I have some mouse C57 targeted panel sequencing data. I want to call somatic variants using GATK. Because of the cost, there are only 4 normal-tumour matched samples. and the rest 16 tumour samples have no matching normal.
Q1) Should I be using the latest assembly GRCm39 as the reference for bwa or GRCm38? My concern is the files needed in later steps might not be available for GRCm39. e.g. dbSNP availableon GRCm38 but cannot find any on GRCm39.

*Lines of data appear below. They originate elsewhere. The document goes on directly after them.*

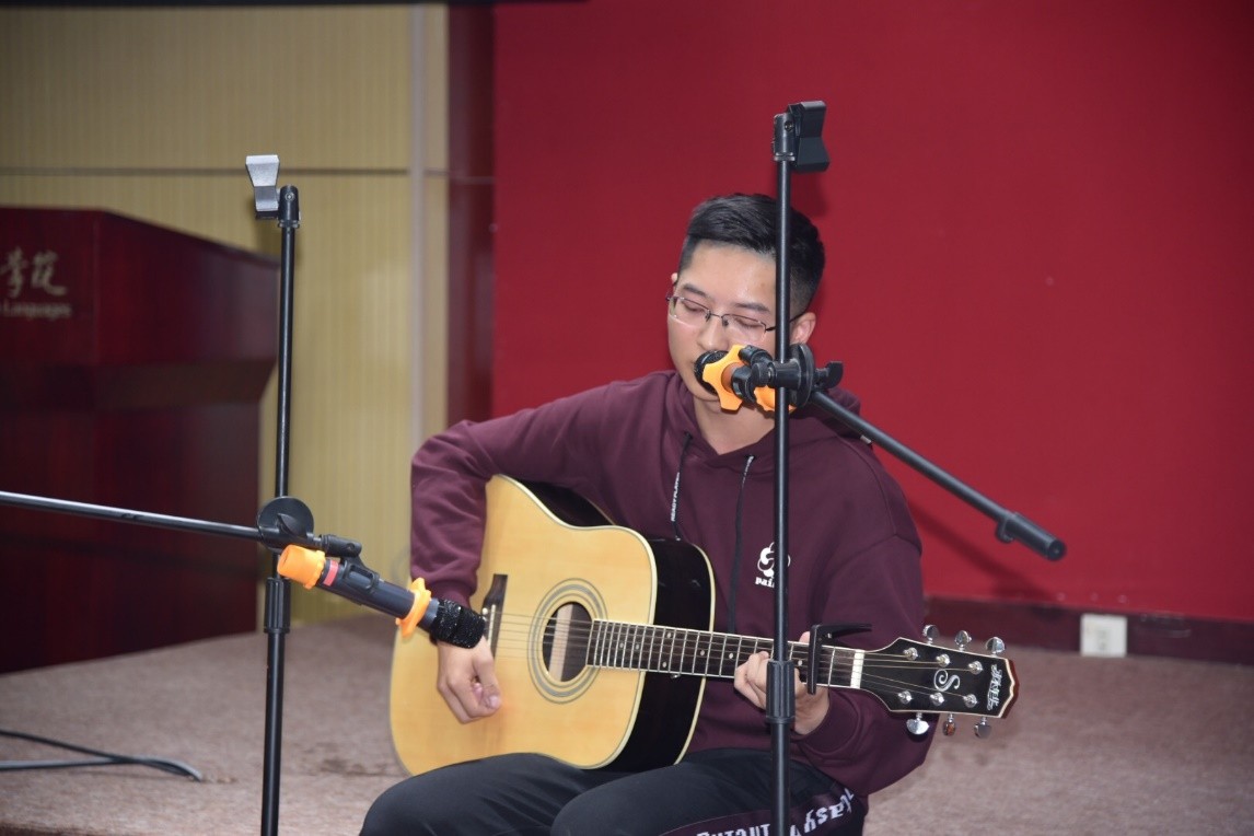 此外,晚会呈现的个人节目环节也是亮点频出、精彩纷呈。德语系新生姚以升以一首《月光》勾起了同学们对家乡的思念,印度尼西亚语系尹楷珺和俄语系管小淳则联手带来一首《少年游》。韩语系的吴加琪、熊泽伦随后演唱了改编版《余生坠落》,伴着吉他,用RAP将晚会推向了高潮。新生们用精彩的个人表演充分地展现了青春昂扬、朝气蓬勃的面貌。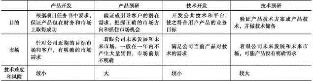 华为公司将研发体系的项目重点分为产品预研、产品开发、技术预研、技术开发共四大类: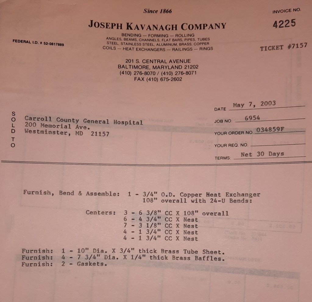 It’s hump day at the Shop and we are making some more playground parts as well as finishing a heat exchanger for Carroll County General Hospital. A heat exchanger means copper tubes which means some torch work. It also reminds me of the old days as we do less and less exchangers every year. Modern heating technology has made them unnecessary. The older units still need to be repaired and serviced but those will eventually be replaced too. We also do some tube work for Codd and I’m still getting accustomed to the idea they will be gone in a few months.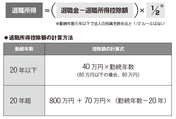 | 所得区分 | 退職所得 (一時金額-退職所得控除)X 1/2 |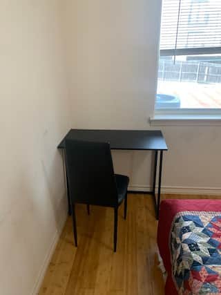 Monthly price for an apartment room with dedicated bathroom. You will be staying in one of the rooms available, so the linens and curtains shown in the picture are subject to change. Room is furnished with a single bed and a study desk/chair. Room size is small, about 10×10 sq. ft. Door has a keypad lock. Wifi is included in the price. Kitchen has a cooktop, microwave and refrigerator. Our low price comes with a absolutely non-refundable policy. We do not accept alterations.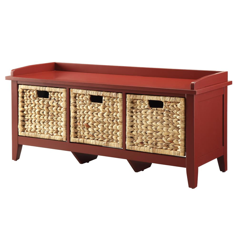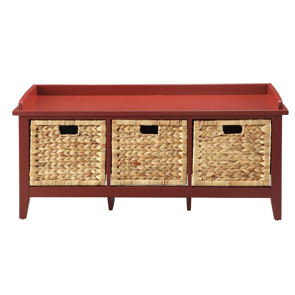 Rectangular Wooden Bench with Storage Basket White – Saltoro Sherpi Keep your entryway fresh and organized with this lovely wooden storage bench featuring three spacious brown rattan baskets like drawers. The low-profile design and crisp finish make for charming windowsill seating. This bench is also perfectly suited to update the bathroom dressing area or living room. From small spaces to wide and roomy ample interior storage keeps messes tucked away.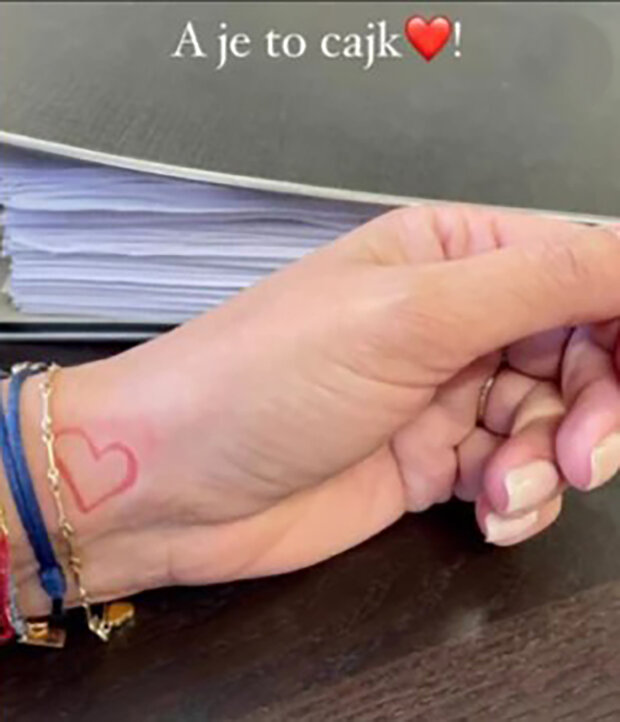 Teresa Brodska zvolila barvu na tetování nikoli klasickou modrou, ale červenou.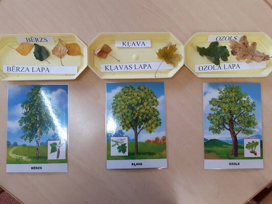 Bērni izliek vārdu "SKOLOTĀJA" no dažādiem materiāliem.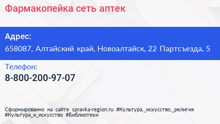 Фармакопейка, сеть аптек по адресу 658087, Алтайский край, Новоалтайск, 22 Партсъезда, 5 в дальнейшем Организация, размещена в следующих категориях: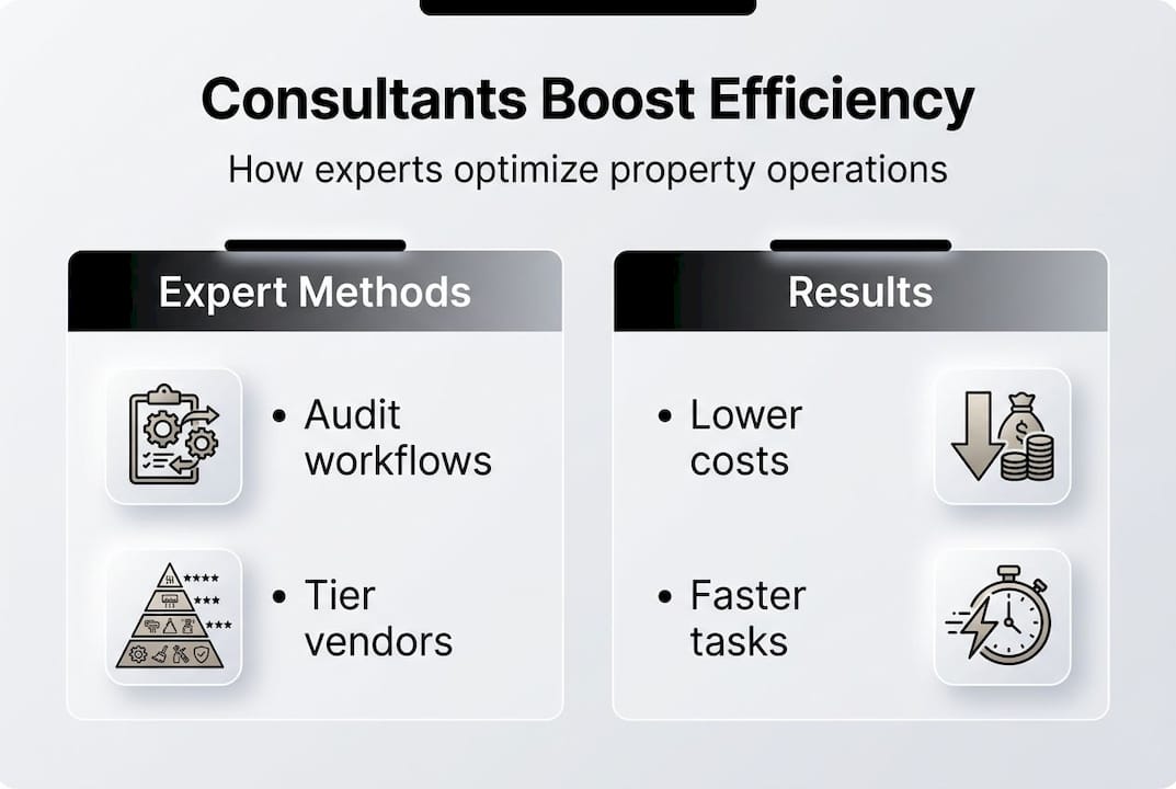 Consultants bring specialized frameworks that address these gaps directly. They assess vendor relationships, identify process redundancies, and establish risk controls that your in-house team can maintain long-term. As noted in vendor vetting best practices, structured consulting shifts property ops from reactive to predictive, preventing costly emergencies.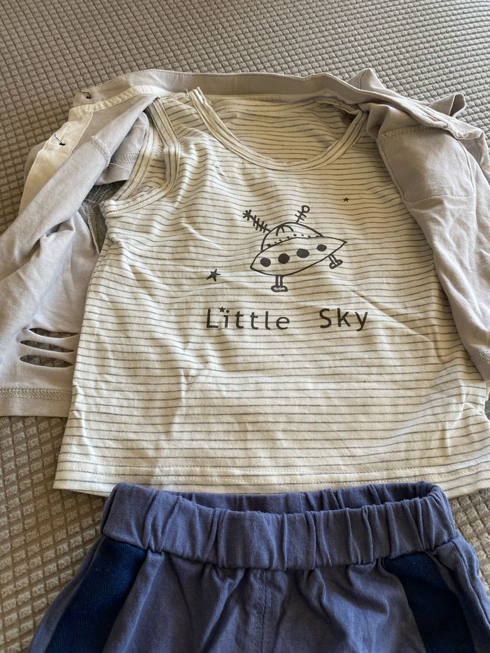 Ensemble 3 pieces 12/18 mois gilet T-shirt débardeur + pantacourt /short long - photo numéro 2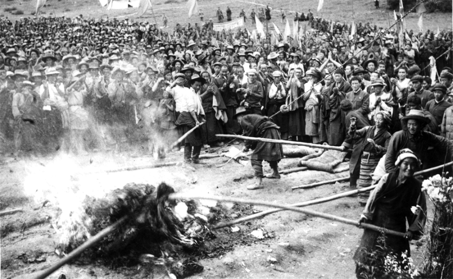 1959年3月,西藏百萬農(nóng)奴翻身獲得解放。這是1959年夏,拉薩達孜縣塔杰鄉(xiāng)、章多鄉(xiāng)翻身農(nóng)奴焚燒地契、文契和債約。 來源:西藏文化博物館
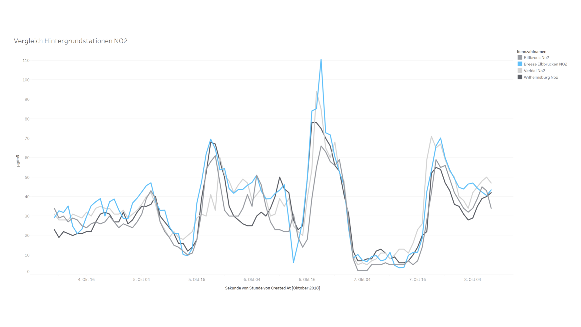 - Trendanalysen im Vergleich zu umliegenden Luftmessstationen: Bei längeren Installationen von Luftqualitätssensoren führen wir entsprechende Trendanalysen durch. Hierbei vergleichen wir die Verlaufskurven der städtischen Luftqualität wie sie von unseren Luftqualitätssensoren und von anderen stationären Luftmessstationen erfasst werden. Grafik 2 zeigt den Vergleich eines unserer Sensoren in Hamburg-Rothenburgsort mit den umliegenden öffentlichen Messstationen der Stadt Hamburg. Da die Messeinrichtungen eine gewisse Distanz voneinander entfernt sind, stimmen die Daten natürlich nicht zu 100% überein. Die Trends sind jedoch gleich.

Q2) Should I process the tumour with normal samples differently in Mutect2
? i.e. tumour with matched normal mode
for the 4 T-N matched samples and tumour only mode
for the remaining 16 samples?
Q3) I have trouble finding these two files:
1) --known-sites sites_of_variation.vcf \
for BaseRecalibrator
2)--germline-resource af-only-gnomad.vcf.gz \
for Mutect2
and PON
I found 2 links for --known-sites sites_of_variation.vcf \
.
ftp://ftp.ncbi.nih.gov/snp/organisms/archive/mouse_10090/VCF/ and
ftp://ftp-mouse.sanger.ac.uk/REL-1303-SNPs_Indels-GRCm38/
Do I need to prepare the files as per: genomics/gatk-mouse-mm10.md at master · igordot/genomics · GitHub. It is taking hours to download one file and NCBI connection keeps dropping...
I have also found the following vcf files. Are the two below suitable to use as --known-sites sites_of_variation.vcf \
? Whats the difference? and which one should be used?
Sanger REL-1505 mouse strain specific vcf:
Should I be using both C57...SNPs.vcf
and C57...indels.vcf
as input for --known-sites sites_of_variation.vcf \
?
Lastly, I cannot find anything on the Mutect2 required --germline-resource af-only-gnomad.vcf.gz \
Could you help please?
Sorry for the million questions and thank you in advance!